By Fyodor Lukyanov, the editor-in-chief of Russia in Global Affairs, chairman of the Presidium of the Council on Foreign and Defense Policy, and research director of the Valdai International Discussion Club.

4 Jul, 2024 20:51 / Updated 4 months ago
The Shanghai Cooperation Organization could play an important role in a nascent security system that emphasizes total development

Both of the world’s current major conflicts – Ukraine and Palestine – are continuing with no end in sight. In the leading countries of the West, there are internal cataclysms that may significantly influence future behavior. Across the world, from Latin America and Africa to the Pacific, we see very lively processes signaling major shifts. No one doubts that the world is undergoing systemic restructuring. The question is whether the contours of a future order that will ensure a sufficient level of international sustainability are already emerging. In this context, this week’s meeting of Shanghai Cooperation Organization (SCO) leaders is of particular interest.

In particular, talk of an Eurasian security system, so to speak, is in the air.

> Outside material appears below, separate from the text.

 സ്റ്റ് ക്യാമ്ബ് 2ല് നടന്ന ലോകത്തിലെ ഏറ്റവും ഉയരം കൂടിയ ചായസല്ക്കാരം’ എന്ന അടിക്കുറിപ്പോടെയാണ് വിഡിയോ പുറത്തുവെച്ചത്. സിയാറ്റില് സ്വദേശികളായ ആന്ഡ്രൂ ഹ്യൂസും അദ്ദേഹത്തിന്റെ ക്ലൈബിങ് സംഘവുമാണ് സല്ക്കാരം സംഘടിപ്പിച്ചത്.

The SCO is unique. It is a full-fledged institution, i.e. a fairly formalized structure with its own bodies and rules (unlike, for example, the BRICS, the nature of which has not yet been clearly clarified). However, it is an institution that has emerged in an era when such associations have generally either not been formed or have proved to be opportunistic and short-lived (it is enough to recall the mass of acronyms that appeared and disappeared in the former USSR). The system of governance based on international organizations is a feature of the second half of the twentieth century, when a solid international framework was built. It was preserved after the Cold War, but its internal content changed. It quickly became apparent that the established institutions were not working in the same (relatively effective) way as before, because the global situation had changed.

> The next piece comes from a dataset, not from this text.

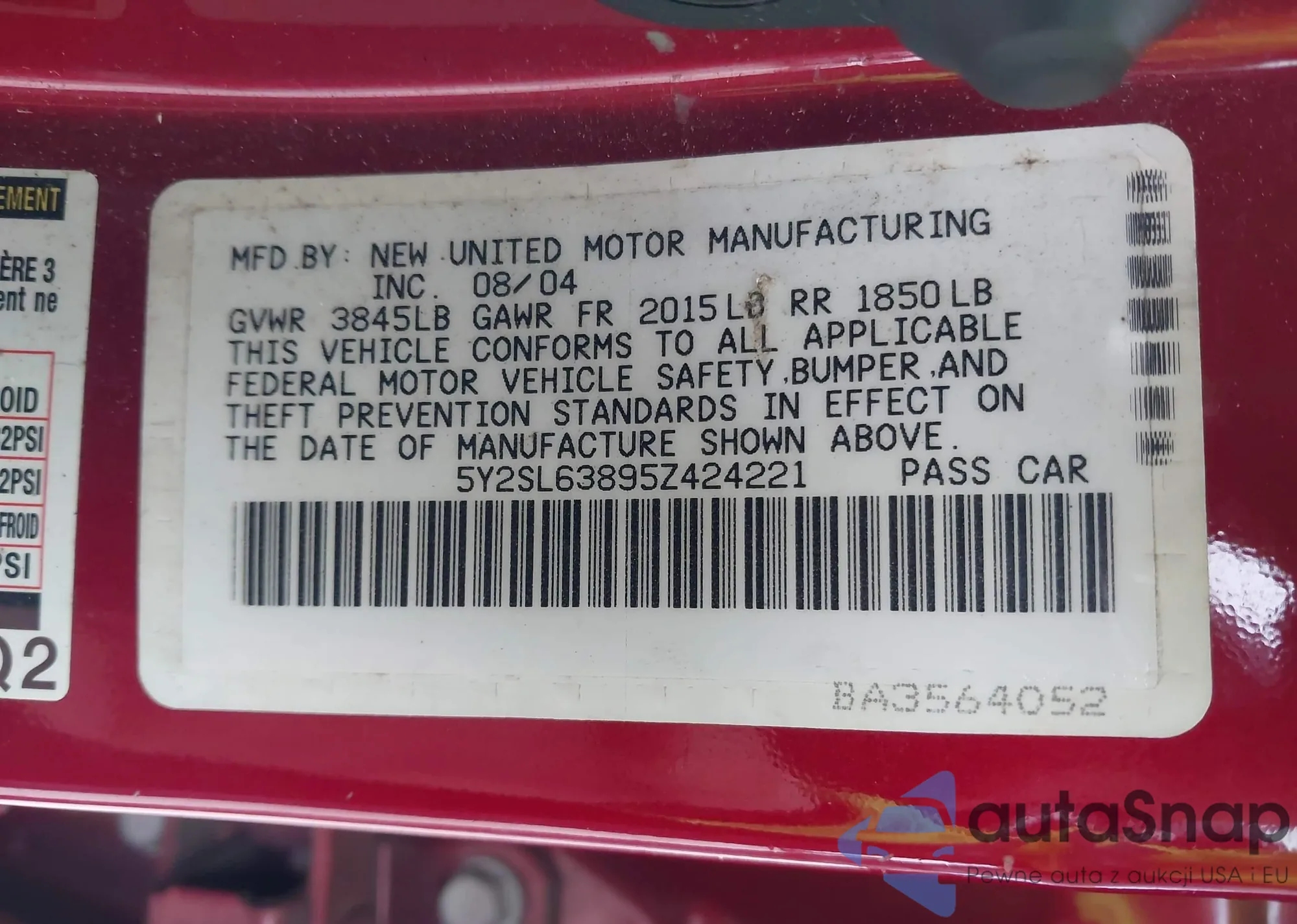 LOT: 43663617 VIN: 3FAHP0HA5BR202370

Does this mean that old organizations need to be replaced by new ones, or has this type of ordering of the international system simply lost its relevance? At the beginning of this century, many people tended to think the former. Yes, the old institutions had served their time, and new ones would emerge to perform different tasks, but organized in a similar way to the old ones. Over time, however, the approach began to shift towards the second. The world is so complex and diverse that it is simply impossible to fit it into stable and fixed forms. The interests of states are not necessarily contradictory but are rather very different, and their fulfillment requires flexible approaches. And flexibility does not mix well with the rigidity of classical institutions, especially when it comes to bloc structures bound by commitments and discipline. At some point, the optimal form of interstate organization began to appear as ad hoc groups of states that needed to solve a specific problem together.

This was the beginning of the SCO. After the collapse of the USSR, the new Central Asian states and Russia had to resolve border issues with China. Thus was born the Shanghai Five. The problem was solved so successfully that it was decided to preserve and develop this successful format. Over the years, the forum has grown to include India, Pakistan and Iran, while Belarus will be attending this year’s event. The summits are usually attended by the leaders of other powers important to the Eurasian region, such as Turkey and the Persian Gulf monarchies.

Enlargement adds solidity to an organization, but whether it increases efficiency is debatable. And not just because, for example, relations between China and India and between India and Pakistan are, to put it mildly, complicated. This is an obstacle, of course, but not the only one: the main thing is to find an agenda that requires a real joint effort and is of interest to all participants in an applied sense. This is difficult, given the diversity of SCO members.

We should probably start by understanding Eurasia’s role in the world. The major Eurasian powers are now emerging as leaders in international economics and politics. But the natural summation of potential that is often made when talking about the SCO or BRICS is of little use. What is more important is that this vast area cannot be bypassed or ignored; all the processes taking place around the globe depend on it or are linked to it. It is not by chance that Eurasia is traditionally called ‘the core’. And belonging to it unites all the states of the Shanghai Cooperation Organization, which determines both the opportunities and the risks. They are linked to the increased attention paid to Eurasia by powerful extra-regional players, which is not always for the good, to say the least.

The idea of a Eurasian security system is in the air. China, the Central Asian countries, and India have approached it from different sides. Recently, the Russian president launched such an initiative. Eurasian security, unlike European security, is not a military-political phenomenon, but a model for the comprehensive development of the space and the realization of its enormous potential. The SCO has its shortcomings, but it is an ideal platform for formulating the principles of this great project.